[Start of Attachment]

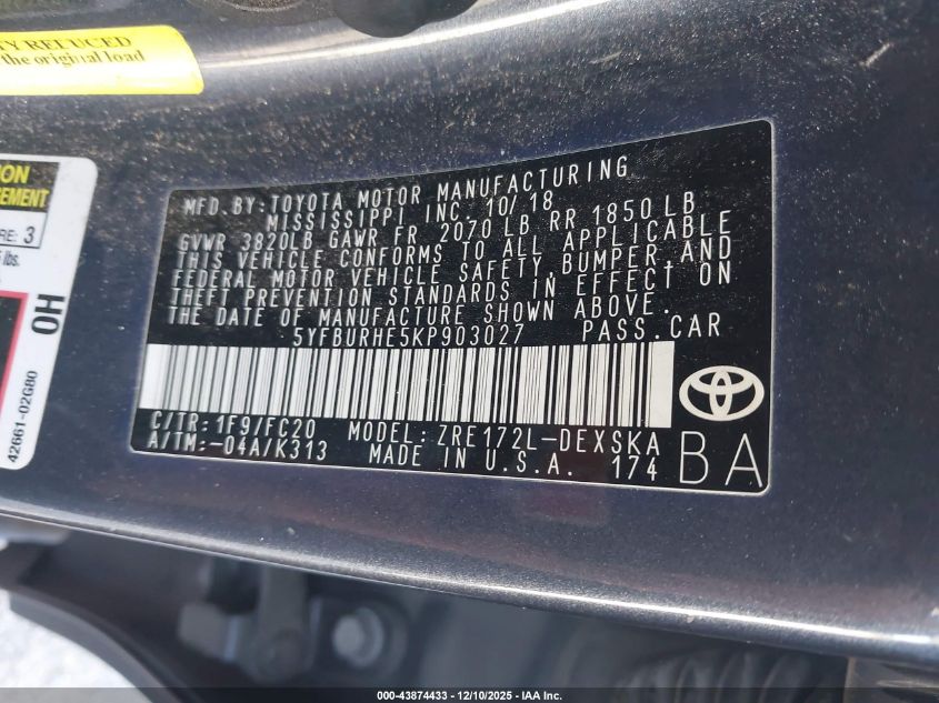 2019 TOYOTA COROLLA 2019 року Бензин, 1.8, Передній привід, vin - 5YFBURHE5KP903027 з США
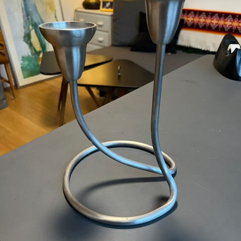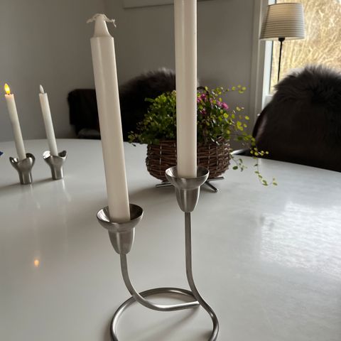 stage, Georg Jensen, lysestage - swing , stål. Intakt og fin stand. Skal pudses op. Den højeste er 22 cm og den mindre er 18 cm høj. 14 cm i diameter. Fra ikke ryger hjem. Afhentet eller plus 60 kr. til forsvarlig forpakning og forsendelse med tracking. Sender straks ved betaling og så er varen forventeligt fremme i løbet af 1-3 dage med tracking.
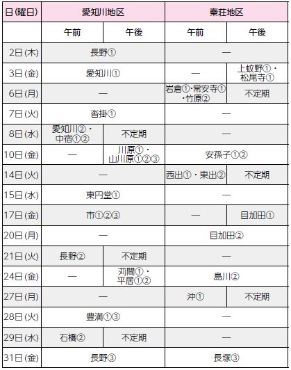 ※集落名の後にある○印の数字は、お申込みいただいた収集回数を表しています。(1)は1ヶ月に1回、(2)は2ヶ月に1回、(3)は3ヶ月に1回でのお申込みを表し、「松尾寺(1)」とある場合は1ヶ月に1回で申込みいただいた松尾寺のお宅を収集させていただきます。なお、収集予定のない集落等については、翌月以降の収集となります。
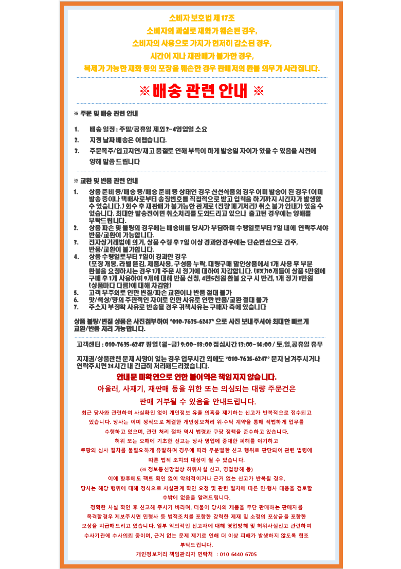 - ㆍ교환/반품에 관한 일반적인 사항은 판매자가 제시사항보다 관계법령이 우선합니다.
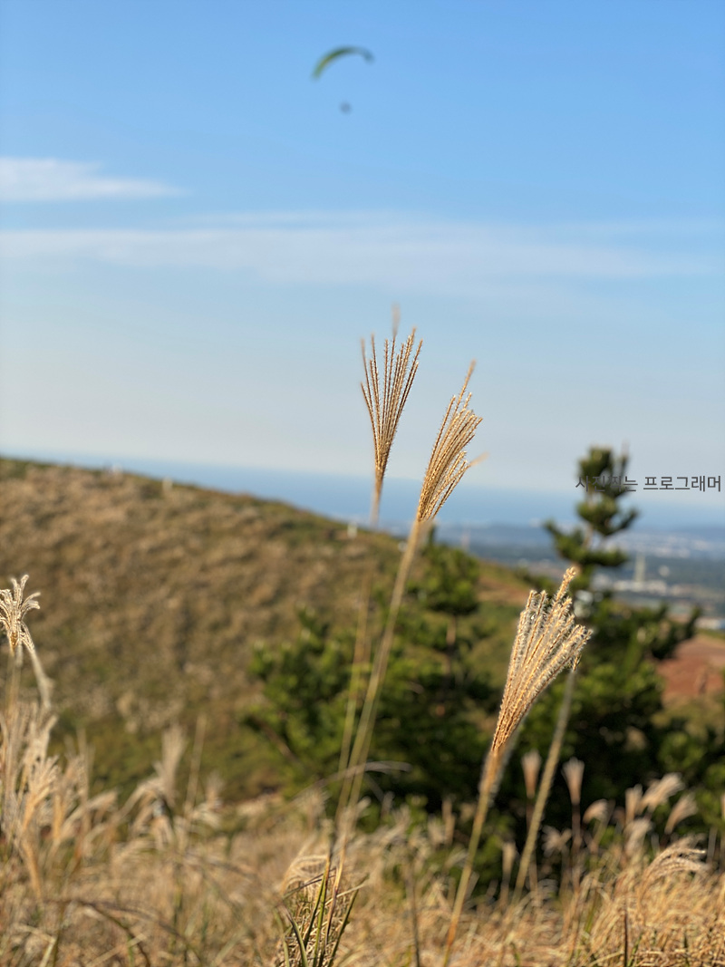 금오름에 오르고 보니 패러글라이딩을 바로 눈앞에서 볼 수 있네요
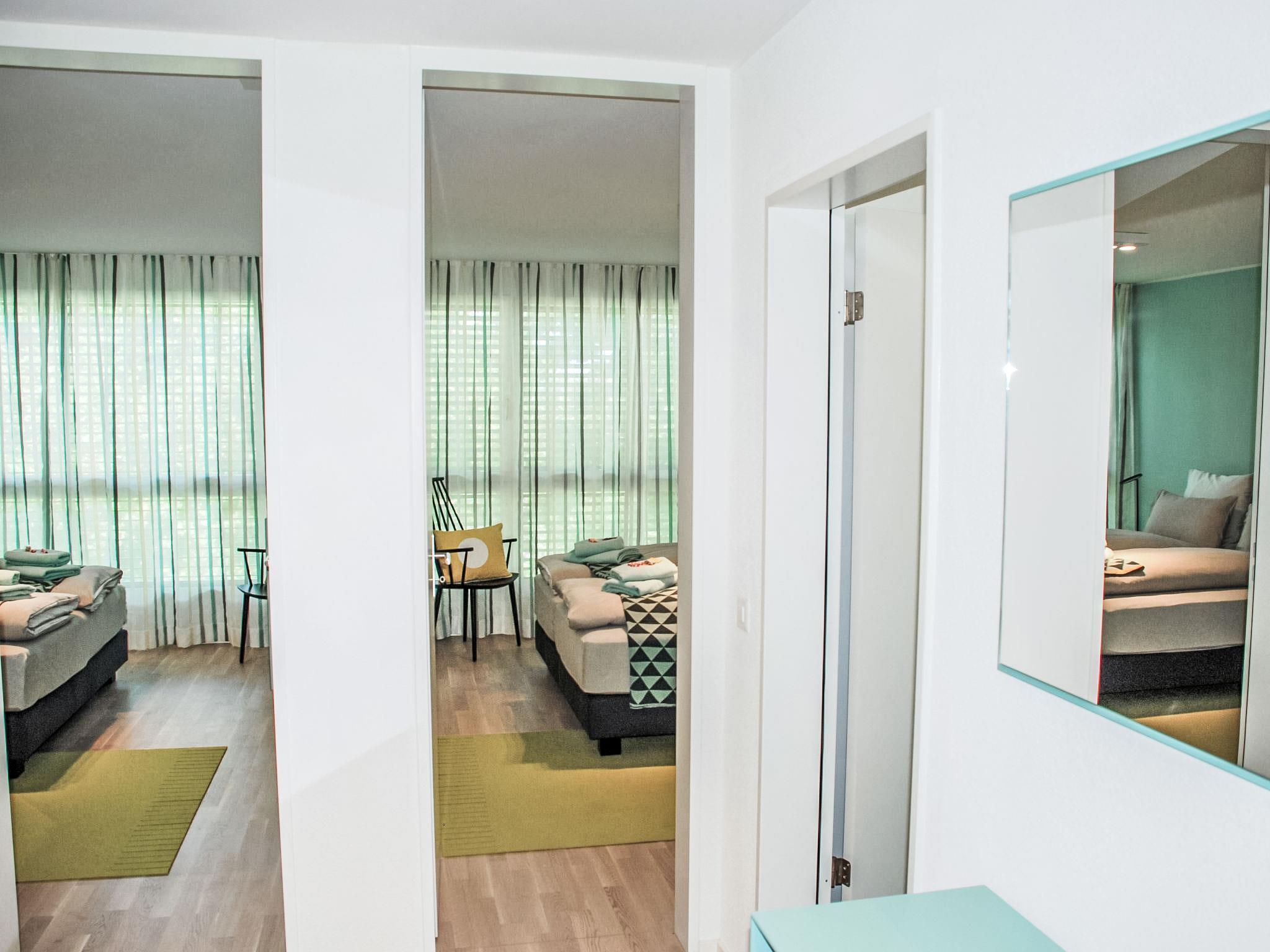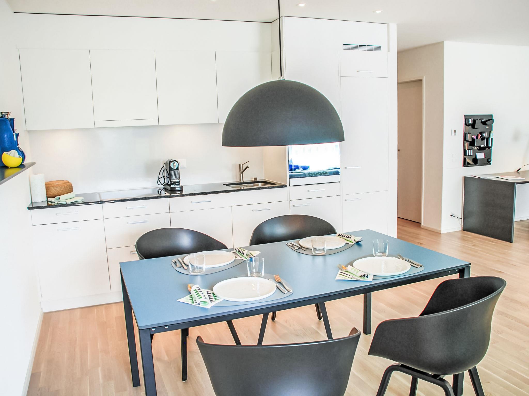 "LaVille A-4-3", 3-Zimmer-Wohnung 89 m2 im 4. Stock, Südwestlage. Geräumig und hell, modern und geschmackvoll eingerichtet: offenes grosses Wohn-/Esszimmer mit Sat-TV und Flachbildschirm. 1 Doppelzimmer mit 1 Doppelbett (2 x 90 cm, Länge 200 cm). 1 Zimmer mit 2 Betten (90 cm, Länge 200 cm). Offene Küche (Backofen, Geschirrspüler, 4 Induktionskochplatten, Tiefkühler, elektrische Kaffeemaschine, Kapseln für die Kaffeemaschine (Nespresso) extra) mit Esstisch. Ausgang zum Balkon. Bad/WC, Dusche/WC. Bodenheizung. Balkon 9 m2, Südlage und Westlage. Balkonmöbel, Liegestühle (1). Sicht auf die Berge und die Landschaft. Zur Verfügung: Waschmaschine, Wäschetrockner, Bügeleisen, Kinderhochstuhl, Babybett bis 2 Jahre (extra), Haartrockner. Internet (WLAN, gratis). Parkplatz Nr. 51 (extra), Höhe 210 cm, Breite 230 cm. Bitte beachten: Nichtraucher-Unterkunft. NL-00006857
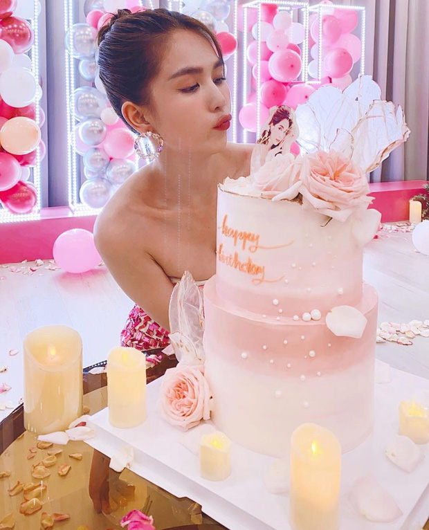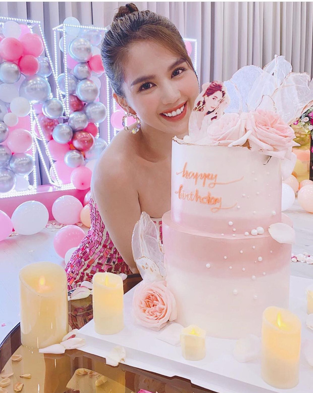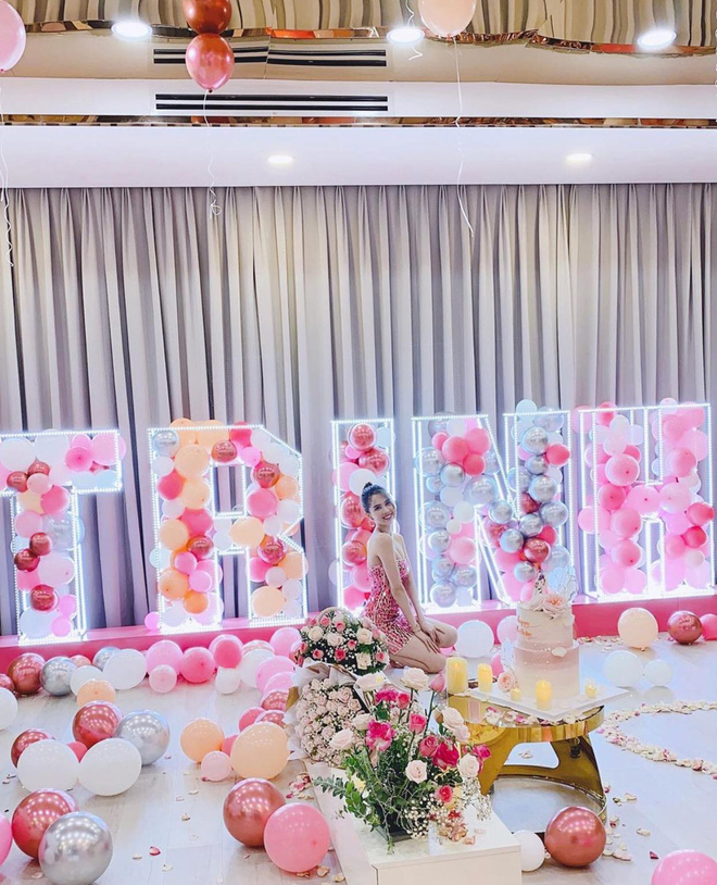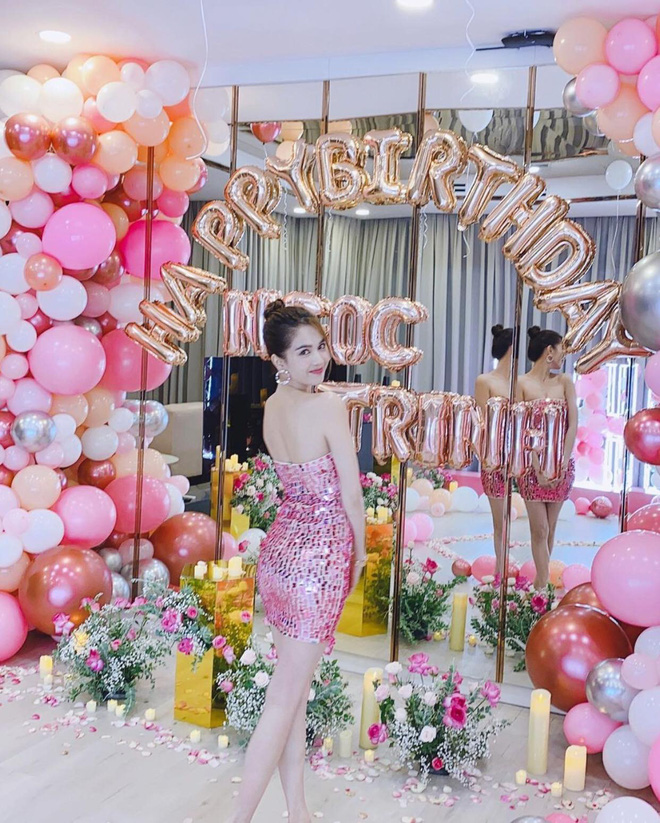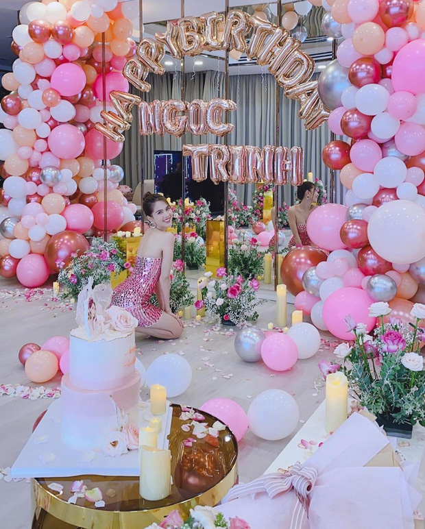 Có thể thấy, buổi tiệc lấy màu hồng và trắng làm chủ đạo, được bày trí nhiều hoa tươi và bóng bay vô cùng lung linh. Là nhân vật chính, Ngọc Trinh chọn chiếc váy lấp lánh, ôm sát body và khoe luôn vai trần gợi cảm. "Nữ hoàng nội y" vui vẻ, tươi tắn hết mức trong ngày ăn mừng tuổi mới.
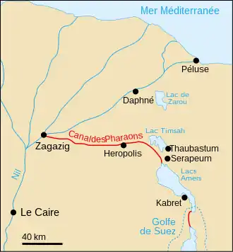 Il est probable que durant la XIIe dynastie, le pharaon Sésostris III (~1850 av. J.-C.) ait fait creuser un canal orienté d'ouest en est à travers le Wadi Tumilat, reliant le Nil à la mer Rouge, afin de pouvoir commercer avec le Ta Netjer (le pays de Pount), permettant ainsi directement les échanges entre la mer Rouge et la Méditerranée. Son existence est certaine au XIIIe siècle av. J.-C., pendant le règne de Ramsès II[8], il est ensuite abandonné.
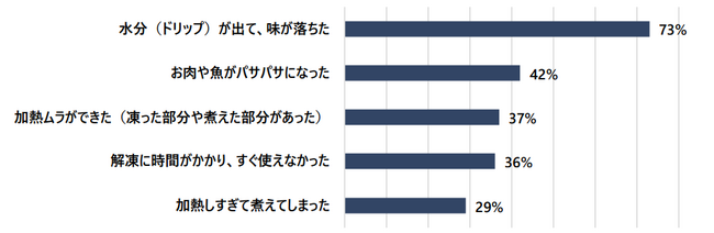 同調査で「ふるさと納税で届いた冷凍の食材を解凍する際に、失敗したことはありますか?」と尋ねたところ、約4割が「ある」と回答。さらに失敗経験のある人が挙げた内容として最も多かったのは「水分(ドリップ)が出て味が落ちた」で、次いで「お肉や魚がパサパサになった」、「加熱ムラができた」と続きました。Q. ふるさと納税で届いた冷凍食材を解凍する際、どのような失敗を経験しましたか?(n=89・複数回答)
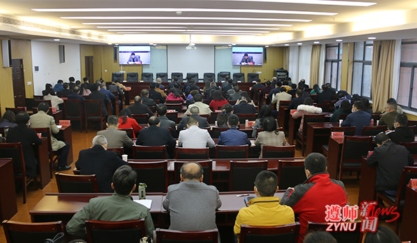 会议在遵义师范学院行政楼214会议室设分会场,遵义师范学院党委书记张波,党委副书记洪涛,副校长胡贵勇,纪委书记刘剑,副校长刘衍民,副处级以上干部在分会场参加会议。
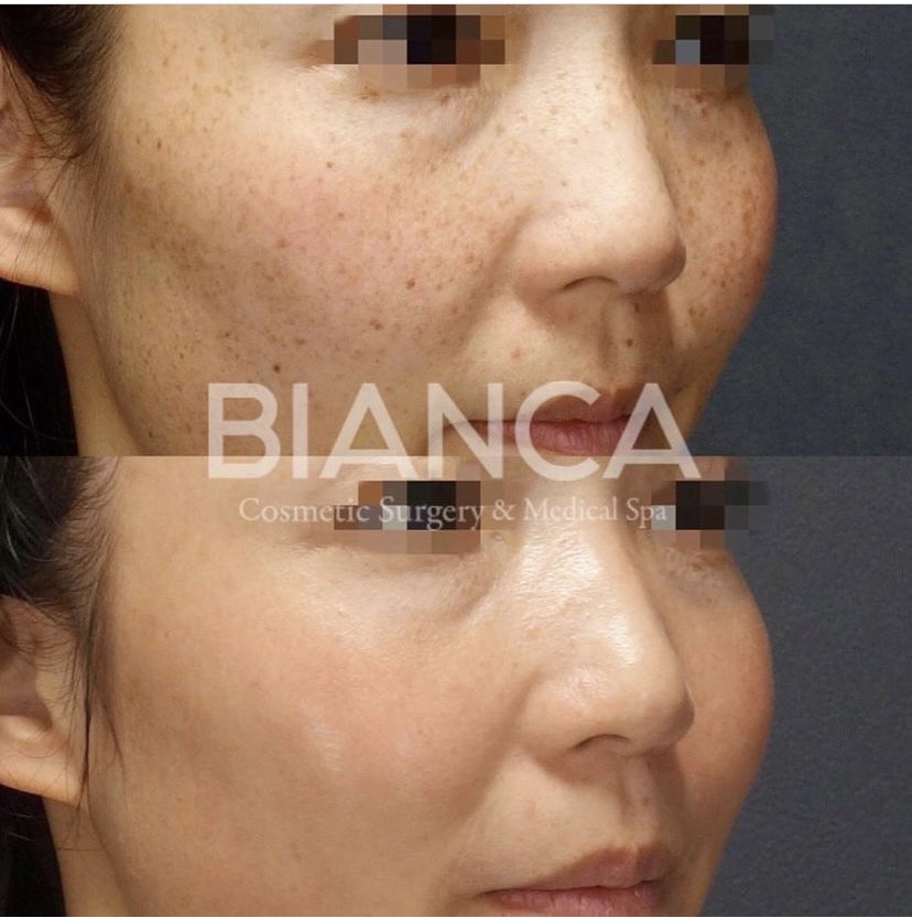 シミに対して直接ピコレーザーを照射します。シミ・ソバカス・ADMなどを改善できます。照射後、1週間後にかさぶたとなって徐々に剥がれ落ちます✨顔にできるシミにはいくつか種類があるため、医師の診察の上で施術が適応かを診させていただきます✨
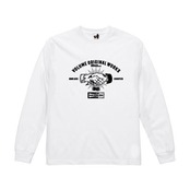 ポップなテイストで描かれたタトゥー風のシェイクハンドイラストをフロントにプリントで施しています。
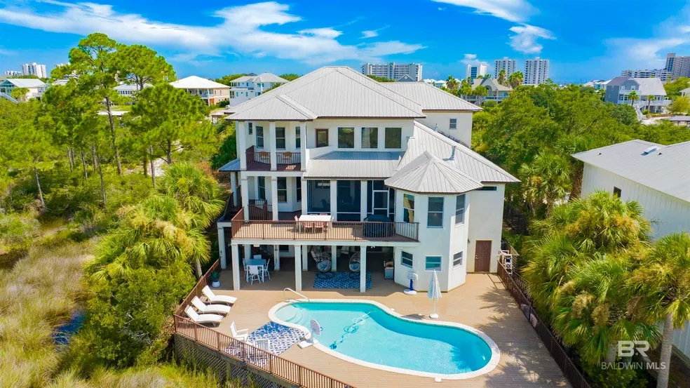 Gated and secure, this waterfront property offers the utmost privacy in one of Alabama's most coveted island communities--truly a rare and prestigious offering. Nestled aside St. John Bayou on Ono Island, this stunning residence features a well proportioned floor plan, spectacular sunsets, 80' of private white sandy beaches, double water frontage, close proximity to The Pass and Ono Bridge all on a a quiet cul-de-sac street. At the heart of the home lie open-concept family and kitchen areas where stunning views serve as the backdrop to daily life. The gourmet kitchen complete with a breakfast area and formal dining room is ideal for casual dining or entertaining. The main level also encompasses a soaring entryway, living room, wet bar, adjoining library and multiple verandas and patios. The main floor primary suite is truly a sanctuary with a private sitting area with fireplace overlooking the bay and a spa-inspired bathroom that includes a freestanding soaking tub, separate shower, generous dual vanities and walk-in closets. With three ensuite bedrooms and loft den upstairs and a spacious two-bedroom first-floor POOLside apartment including covered private entry below, there is abundance of space for both family and guests. Home is serviced by an ELEVATOR and interior and exterior staircases. Exceptional views and only moments from the Gulf. Buyer to verify all information during due diligence.

[End of Attachment]

> _What you should do_
Each line from the top of the material through the line containing "Có thể thấy, buổi" should be reproduced exactly; please drop any images.

> _Answer to the exercise_
 2019 TOYOTA COROLLA 2019 року Бензин, 1.8, Передній привід, vin - 5YFBURHE5KP903027 з США
 stage, Georg Jensen, lysestage - swing , stål. Intakt og fin stand. Skal pudses op. Den højeste er 22 cm og den mindre er 18 cm høj. 14 cm i diameter. Fra ikke ryger hjem. Afhentet eller plus 60 kr. til forsvarlig forpakning og forsendelse med tracking. Sender straks ved betaling og så er varen forventeligt fremme i løbet af 1-3 dage med tracking.
 ※集落名の後にある○印の数字は、お申込みいただいた収集回数を表しています。(1)は1ヶ月に1回、(2)は2ヶ月に1回、(3)は3ヶ月に1回でのお申込みを表し、「松尾寺(1)」とある場合は1ヶ月に1回で申込みいただいた松尾寺のお宅を収集させていただきます。なお、収集予定のない集落等については、翌月以降の収集となります。
 - ㆍ교환/반품에 관한 일반적인 사항은 판매자가 제시사항보다 관계법령이 우선합니다.
 금오름에 오르고 보니 패러글라이딩을 바로 눈앞에서 볼 수 있네요
 "LaVille A-4-3", 3-Zimmer-Wohnung 89 m2 im 4. Stock, Südwestlage. Geräumig und hell, modern und geschmackvoll eingerichtet: offenes grosses Wohn-/Esszimmer mit Sat-TV und Flachbildschirm. 1 Doppelzimmer mit 1 Doppelbett (2 x 90 cm, Länge 200 cm). 1 Zimmer mit 2 Betten (90 cm, Länge 200 cm). Offene Küche (Backofen, Geschirrspüler, 4 Induktionskochplatten, Tiefkühler, elektrische Kaffeemaschine, Kapseln für die Kaffeemaschine (Nespresso) extra) mit Esstisch. Ausgang zum Balkon. Bad/WC, Dusche/WC. Bodenheizung. Balkon 9 m2, Südlage und Westlage. Balkonmöbel, Liegestühle (1). Sicht auf die Berge und die Landschaft. Zur Verfügung: Waschmaschine, Wäschetrockner, Bügeleisen, Kinderhochstuhl, Babybett bis 2 Jahre (extra), Haartrockner. Internet (WLAN, gratis). Parkplatz Nr. 51 (extra), Höhe 210 cm, Breite 230 cm. Bitte beachten: Nichtraucher-Unterkunft. NL-00006857
 Có thể thấy, buổi tiệc lấy màu hồng và trắng làm chủ đạo, được bày trí nhiều hoa tươi và bóng bay vô cùng lung linh. Là nhân vật chính, Ngọc Trinh chọn chiếc váy lấp lánh, ôm sát body và khoe luôn vai trần gợi cảm. "Nữ hoàng nội y" vui vẻ, tươi tắn hết mức trong ngày ăn mừng tuổi mới.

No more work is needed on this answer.